▸ ASSIGNMENT:
Please reproduce the data exactly, excluding any pictures it contains.

▸ GIVEN INFORMATION:
━━━━

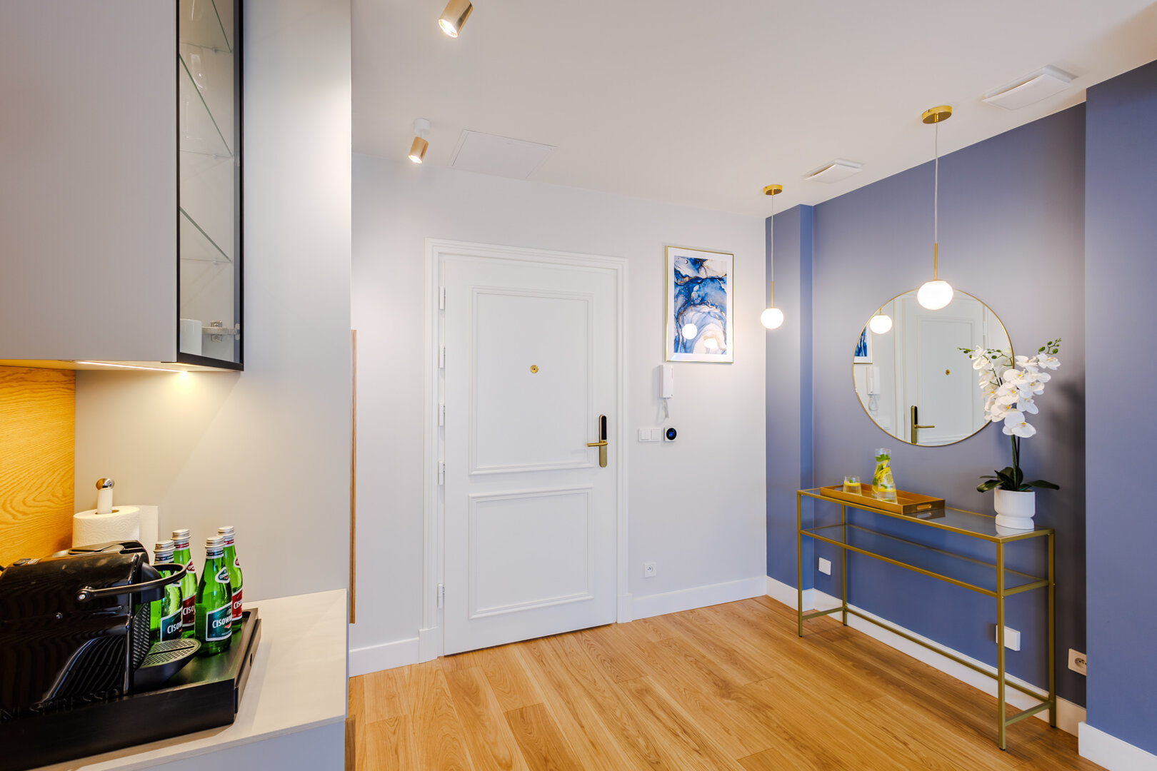 Przestronny, elegancki apartament łączący nowoczesny design z subtelnym klasycznym charakterem. Wnętrze obejmuje funkcjonalny aneks kuchenny, który pozwala na wygodne przygotowywanie posiłków. Do dyspozycji gości jest również łazienka z dużym prysznicem.
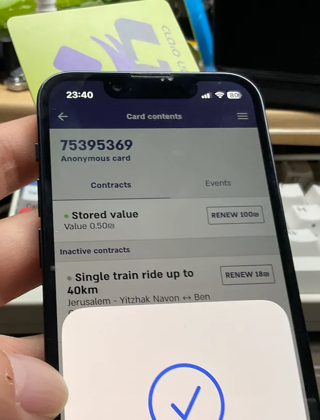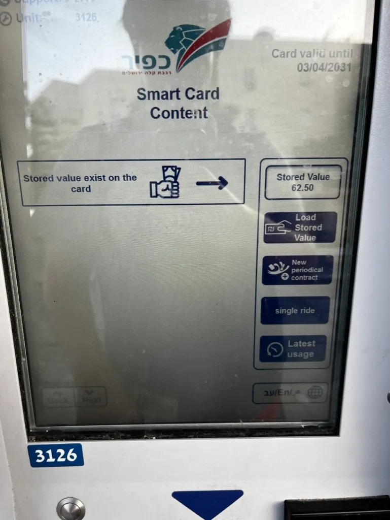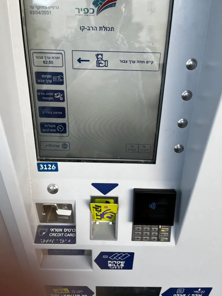 단, 이 카드는 1년의 유효기간을 갖습니다. 1년이 지났다면 이스라엘의 kav-rav 오피스에 방문하여 기간을 연장해달라고 요청할 수 있습니다.
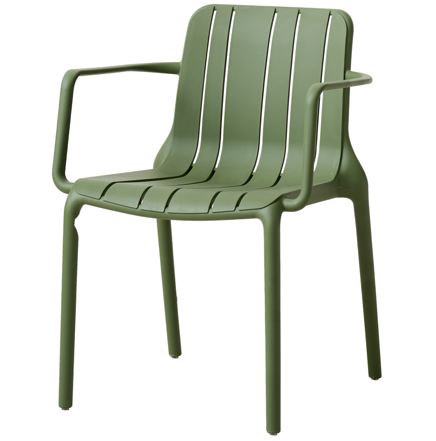 De Drift A groen is een comfortabele en onderhoudsvriendelijke terrasstoel. De licht gebogen zitting en rugleuning zorgen voor een aangename zit, terwijl de armleuningen extra steun bieden.
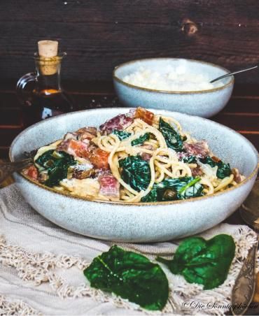 Für Pastaliebhaber gibt es heute knusprigen Bacon mit Möhren und Spinat in einer cremigen Sauce mit Spaghetti serviert. Das kann nur lecker werden. ...
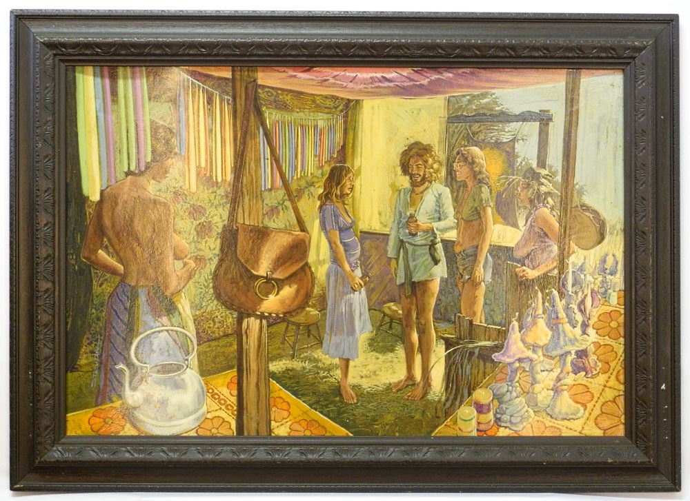 LOT 42 Oil on Board Signed L.B. Stewart, 19 1/2" x 29 1/4", "Hippie Candle Makers". Estimate: $100 - $150 Sold For: $80 Auction Date: Tuesday, November 01 2022 at 6:00 PM
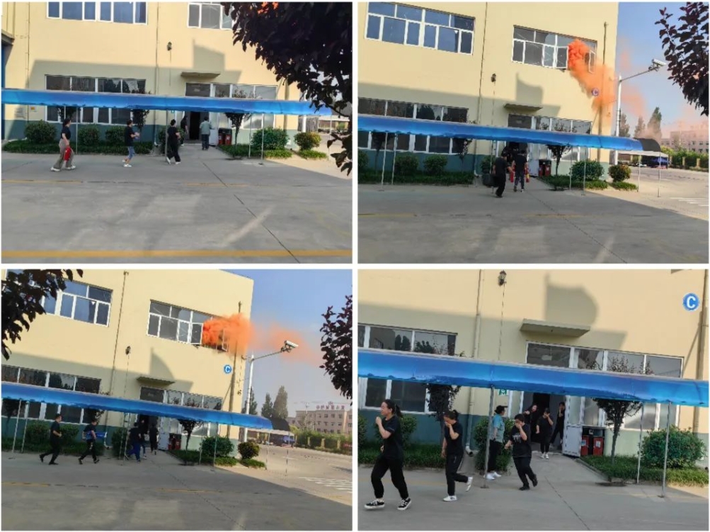 演练以生产二车间出现火情为背景。不一会,随着火灾警报器被拉响,安全演练活动正式开始。30余名一线职工按照逃生技巧到达指定安全区域,由警戒疏散组对火灾区域进行封锁,抢险救灾组使用干粉灭火器进行实战灭火演练,三个人一字形手提干粉灭火器进行初起火灾的灭火扑救,随后医疗救护组对现场受伤人员开展紧急救治工作。企业负责人立刻向应急局上报火灾情况,拨打119、120。消防大队赶到现场,对现场情况进行了解,然后立刻展开救援,各小组按方案进行演练,整个过程有条不紊,取得了预期效果。
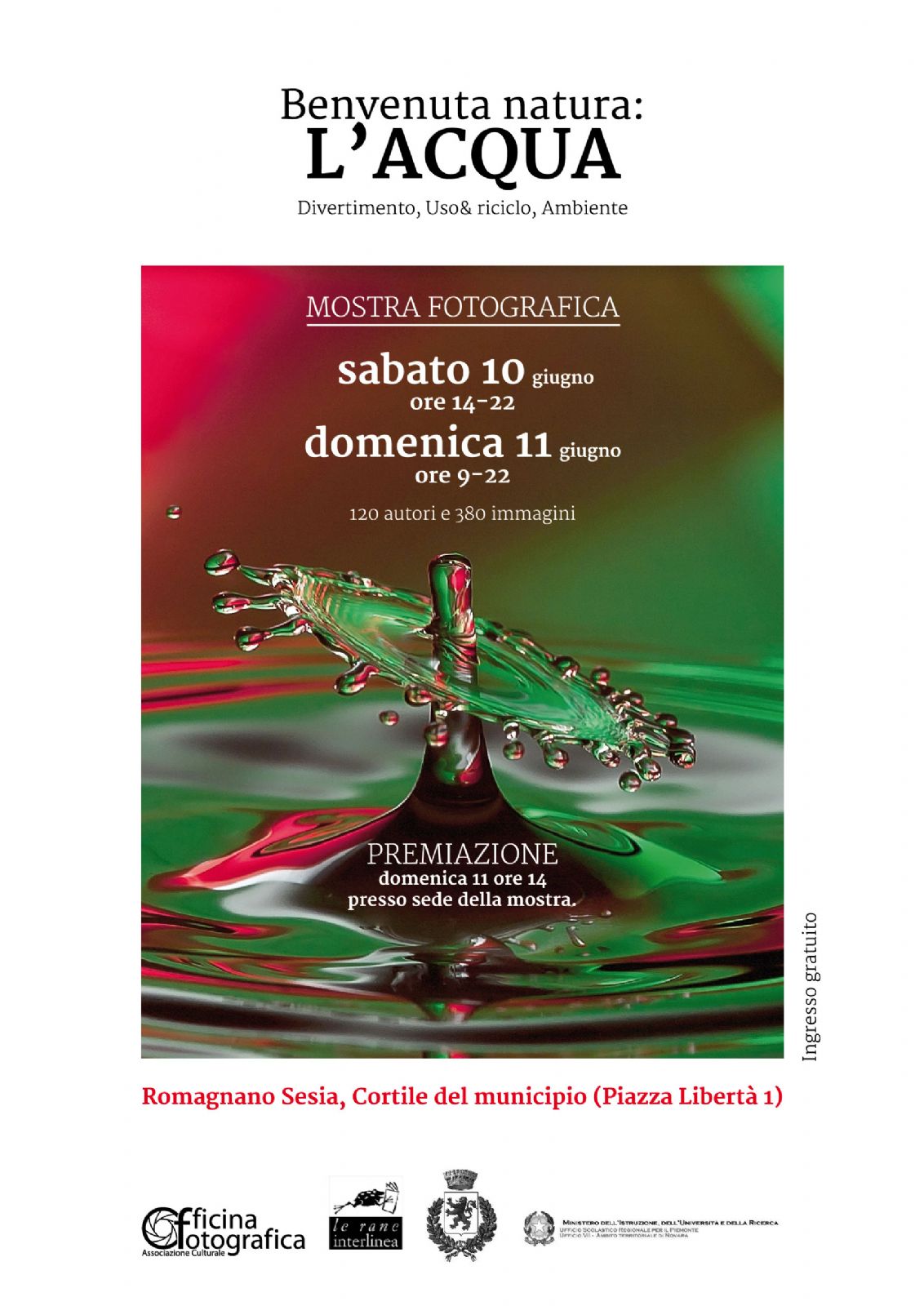 La 1° edizione del Concorso Fotografico organizzato da Officina Fotografica in collaborazione con il Comune di Romagnano Sesia - Assessorato all'Istruzione e con il patrocinio del'USP di Novara e Interlinea ha riscosso un grandissimo successo di partecipazione con oltre 350 immagini rappresentanti l’elemento che permette la vita sulla Terra: L’Acqua. "La giuria - spiegano dall'Associazione - ha avuto un gran lavoro da fare e selezionare i vincitori non è stato semplice vista anche la grande qualità del materiale proposto".
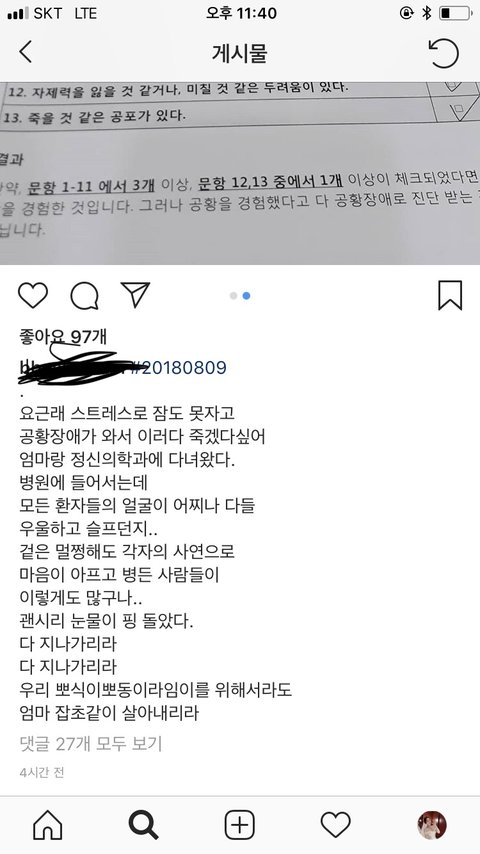 공황장애가 있으셔서 (인스타에 올리셨었죠) 치유의 시간이 필요하신건 알겠습니다.
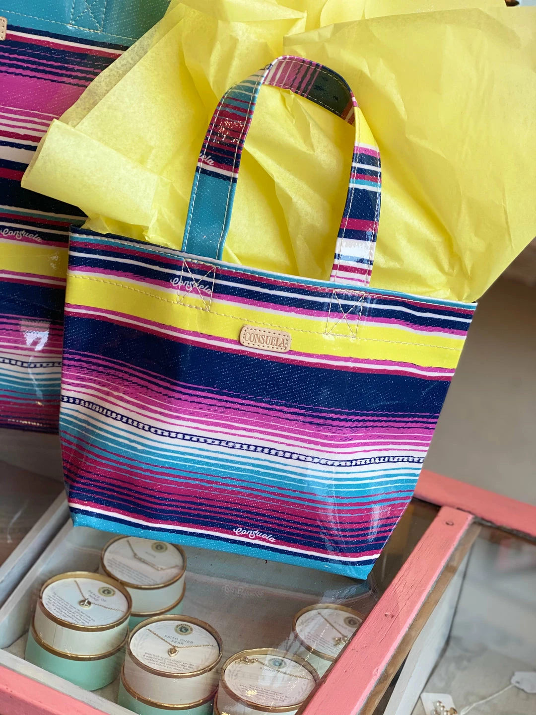 Our jewel Mini Bag is perfect for carrying your lunch or giving gifts and folds easily to fit inside your everyday bag. This unlined utility tote in easy-to-clean ConsuelaCloth™ is the smallest of our Grab-n-Go favorites.
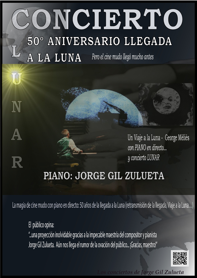 El compositor i pianista Jorge Gil Zulueta oferirà este 7 de desembre, a les 19.30 h, en el Centre Cultural Mario Monreal el concert de piano, Un viatge a la lluna, amb motiu del 50 aniversari de l’arribada de l’home a la Lluna. El músic català interpretarà obres conegudes com Així va parlar Zarathustra, de Richard Strauss; Space Odity, de David Bowie; Moonlight Serenade, de Glenn Miller; Moonriver, d'Henry Mancini; Moonshadow, de Cat Stevens; Moondance, de Van Morrison, entre d’altres. Durant la interpretació es projectaran fragments de les pel·lícules La Dona en la Lluna de Fritz Lang i El viatge a la Lluna de George Méliès.
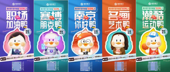 “职场加油鸭”,以年轻职场人为现实原型,表达了年轻人既理性,又自由,既乐观积极,又充满个性的生活态度。“赛博朋克鸭”,定位科幻流派美术风格,作为元宇宙中最流行的“赛博朋克”风的承载者,向年轻客群传递南京银行金融科技力量。“潮酷运动鸭”,通过用各种潮酷装备打造“你好鸭”,向世界展示南京银行与拥有者共同具备的运动健儿般专注始终、勇于突破、持续奔跑、百折不挠的青春姿态。“名画艺术鸭”,则是以各种世界名画为蓝本完成“你好鸭”的卡通艺术再加工,在活泼有趣的形象背后,充分凸显拥有者对于古典和文艺的文化认同。“南京你好鸭”,作为南京银行数字藏品“你好鸭”中的彩蛋款,结合南京特有的城市元素和人文底蕴,传递南京“博爱”城市精神,彰显南京银行开放、融合的视野与格局,将古老的南京城投射在元宇宙世界中再放异彩。
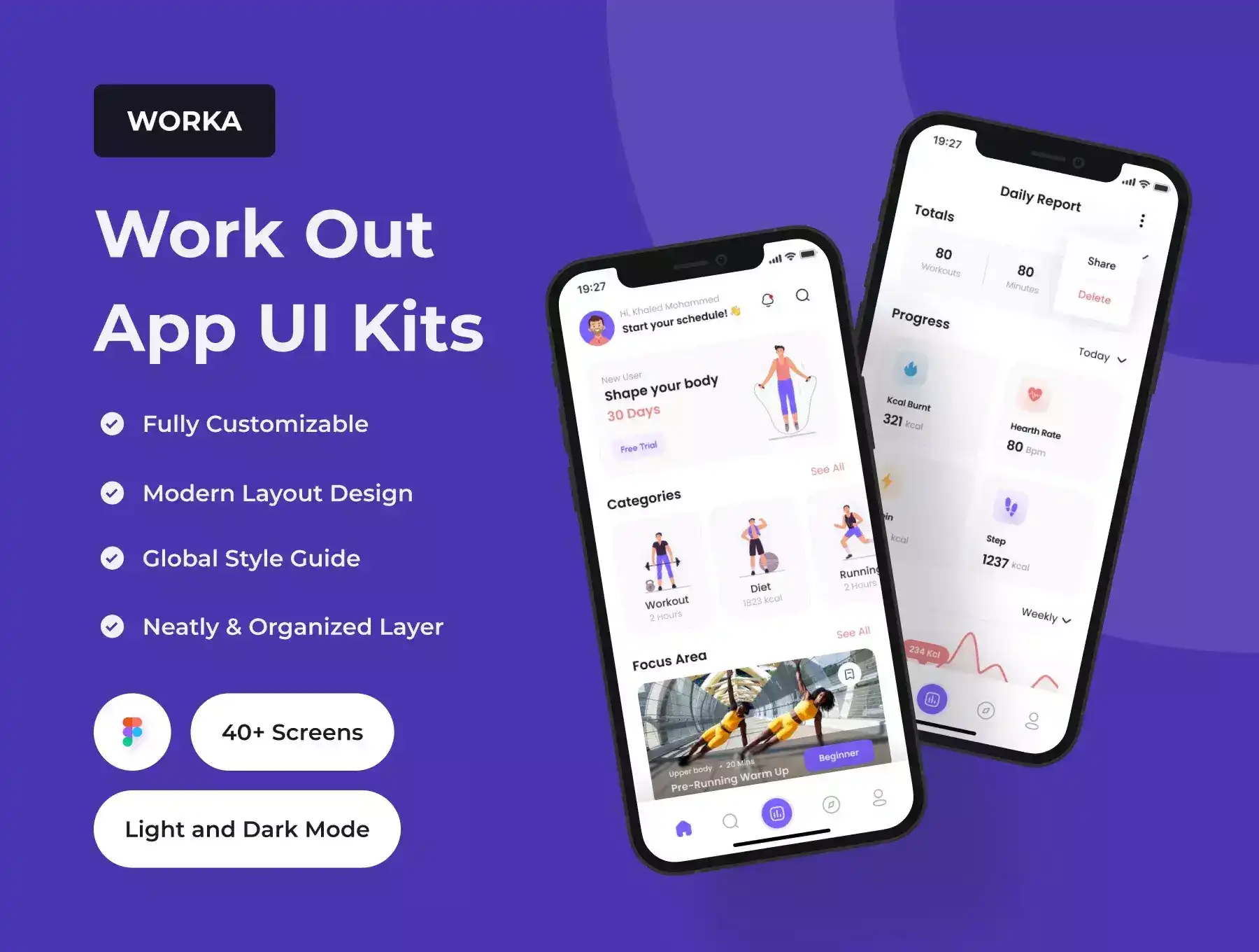 Worka has more than 40+ high quality pack designed screens for daily fitness and health tracking app. Which is great because it streamlines the process of locating the most suitable fitness/workout lesson on your app. All of the components and screens are fully responsive, allowing you to easily adjust them to the size of your screen, and they are also well documented.

━━━━

▸ SOLUTION TO THIS TASK:
 Przestronny, elegancki apartament łączący nowoczesny design z subtelnym klasycznym charakterem. Wnętrze obejmuje funkcjonalny aneks kuchenny, który pozwala na wygodne przygotowywanie posiłków. Do dyspozycji gości jest również łazienka z dużym prysznicem.
 단, 이 카드는 1년의 유효기간을 갖습니다. 1년이 지났다면 이스라엘의 kav-rav 오피스에 방문하여 기간을 연장해달라고 요청할 수 있습니다.
 De Drift A groen is een comfortabele en onderhoudsvriendelijke terrasstoel. De licht gebogen zitting en rugleuning zorgen voor een aangename zit, terwijl de armleuningen extra steun bieden.
 Für Pastaliebhaber gibt es heute knusprigen Bacon mit Möhren und Spinat in einer cremigen Sauce mit Spaghetti serviert. Das kann nur lecker werden. ...
 LOT 42 Oil on Board Signed L.B. Stewart, 19 1/2" x 29 1/4", "Hippie Candle Makers". Estimate: $100 - $150 Sold For: $80 Auction Date: Tuesday, November 01 2022 at 6:00 PM
 演练以生产二车间出现火情为背景。不一会,随着火灾警报器被拉响,安全演练活动正式开始。30余名一线职工按照逃生技巧到达指定安全区域,由警戒疏散组对火灾区域进行封锁,抢险救灾组使用干粉灭火器进行实战灭火演练,三个人一字形手提干粉灭火器进行初起火灾的灭火扑救,随后医疗救护组对现场受伤人员开展紧急救治工作。企业负责人立刻向应急局上报火灾情况,拨打119、120。消防大队赶到现场,对现场情况进行了解,然后立刻展开救援,各小组按方案进行演练,整个过程有条不紊,取得了预期效果。
 La 1° edizione del Concorso Fotografico organizzato da Officina Fotografica in collaborazione con il Comune di Romagnano Sesia - Assessorato all'Istruzione e con il patrocinio del'USP di Novara e Interlinea ha riscosso un grandissimo successo di partecipazione con oltre 350 immagini rappresentanti l’elemento che permette la vita sulla Terra: L’Acqua. "La giuria - spiegano dall'Associazione - ha avuto un gran lavoro da fare e selezionare i vincitori non è stato semplice vista anche la grande qualità del materiale proposto".
 공황장애가 있으셔서 (인스타에 올리셨었죠) 치유의 시간이 필요하신건 알겠습니다.
 Our jewel Mini Bag is perfect for carrying your lunch or giving gifts and folds easily to fit inside your everyday bag. This unlined utility tote in easy-to-clean ConsuelaCloth™ is the smallest of our Grab-n-Go favorites.
 El compositor i pianista Jorge Gil Zulueta oferirà este 7 de desembre, a les 19.30 h, en el Centre Cultural Mario Monreal el concert de piano, Un viatge a la lluna, amb motiu del 50 aniversari de l’arribada de l’home a la Lluna. El músic català interpretarà obres conegudes com Així va parlar Zarathustra, de Richard Strauss; Space Odity, de David Bowie; Moonlight Serenade, de Glenn Miller; Moonriver, d'Henry Mancini; Moonshadow, de Cat Stevens; Moondance, de Van Morrison, entre d’altres. Durant la interpretació es projectaran fragments de les pel·lícules La Dona en la Lluna de Fritz Lang i El viatge a la Lluna de George Méliès.
 “职场加油鸭”,以年轻职场人为现实原型,表达了年轻人既理性,又自由,既乐观积极,又充满个性的生活态度。“赛博朋克鸭”,定位科幻流派美术风格,作为元宇宙中最流行的“赛博朋克”风的承载者,向年轻客群传递南京银行金融科技力量。“潮酷运动鸭”,通过用各种潮酷装备打造“你好鸭”,向世界展示南京银行与拥有者共同具备的运动健儿般专注始终、勇于突破、持续奔跑、百折不挠的青春姿态。“名画艺术鸭”,则是以各种世界名画为蓝本完成“你好鸭”的卡通艺术再加工,在活泼有趣的形象背后,充分凸显拥有者对于古典和文艺的文化认同。“南京你好鸭”,作为南京银行数字藏品“你好鸭”中的彩蛋款,结合南京特有的城市元素和人文底蕴,传递南京“博爱”城市精神,彰显南京银行开放、融合的视野与格局,将古老的南京城投射在元宇宙世界中再放异彩。
 Worka has more than 40+ high quality pack designed screens for daily fitness and health tracking app. Which is great because it streamlines the process of locating the most suitable fitness/workout lesson on your app. All of the components and screens are fully responsive, allowing you to easily adjust them to the size of your screen, and they are also well documented.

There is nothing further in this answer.